§ **Your assignment**: Repeat the listing verbatim. Drop any pictures.

§ **Given material**:
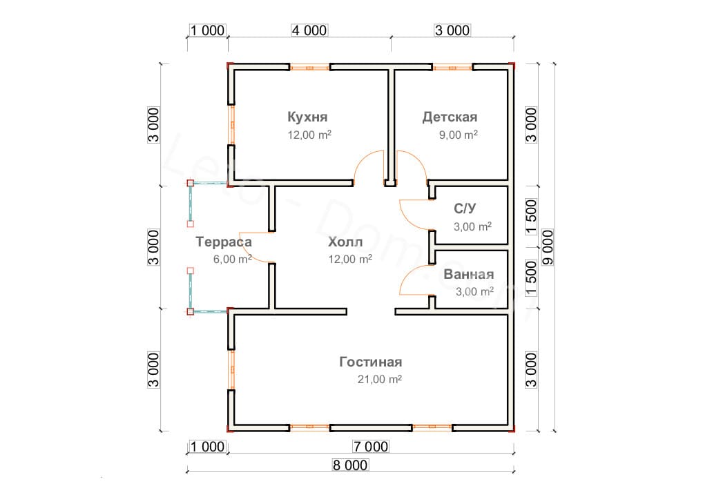 Внесем изменения в любой типовой проект: перенесем перегородки, двери, пристроим террасу.
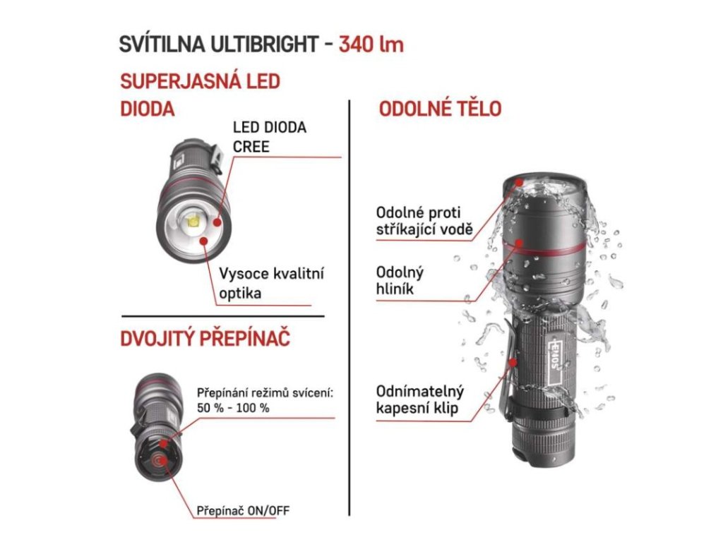 Kompaktní, odolná a vysoce výkonná – právě taková je LED svítilna EMOS Ultibright 70, která vám poskytne potřebné světlo tam, kde ho nejvíce potřebujete. Své místo najde v domácnosti, při outdoorových aktivitách nebo na cestách. Díky CREE LED chipu dosahuje světelného toku až 340 lm, což znamená silný dosvit až 200 metrů.
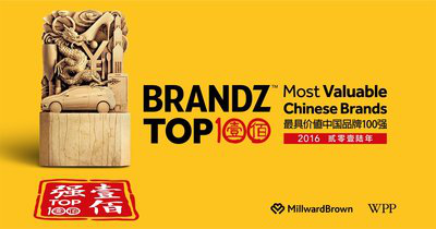BrandZ最具價值中國品牌100強是目前權威的中國品牌排行榜,由世界高端品牌傳播服務集團WPP旗下權威市場調研公司Millward Brown發(fā)布。作為商業(yè)領域最具代表性的品牌影響力評估調研之一,上榜品牌均須達到極為嚴格的估值標準,該榜不僅采用了彭博社和KantarWorldpanel的財務數(shù)據(jù),同時還結合了通過訪談收集而來的40多萬名中國消費者的觀點看法,是唯一一份根據(jù)品牌潛在消費者和當前消費者的觀點并結合財務數(shù)據(jù)來計算品牌價值的排行榜,具有絕對的權威性及公正性。

§ **Output for this task**:
 Внесем изменения в любой типовой проект: перенесем перегородки, двери, пристроим террасу.
 Kompaktní, odolná a vysoce výkonná – právě taková je LED svítilna EMOS Ultibright 70, která vám poskytne potřebné světlo tam, kde ho nejvíce potřebujete. Své místo najde v domácnosti, při outdoorových aktivitách nebo na cestách. Díky CREE LED chipu dosahuje světelného toku až 340 lm, což znamená silný dosvit až 200 metrů.
BrandZ最具價值中國品牌100強是目前權威的中國品牌排行榜,由世界高端品牌傳播服務集團WPP旗下權威市場調研公司Millward Brown發(fā)布。作為商業(yè)領域最具代表性的品牌影響力評估調研之一,上榜品牌均須達到極為嚴格的估值標準,該榜不僅采用了彭博社和KantarWorldpanel的財務數(shù)據(jù),同時還結合了通過訪談收集而來的40多萬名中國消費者的觀點看法,是唯一一份根據(jù)品牌潛在消費者和當前消費者的觀點并結合財務數(shù)據(jù)來計算品牌價值的排行榜,具有絕對的權威性及公正性。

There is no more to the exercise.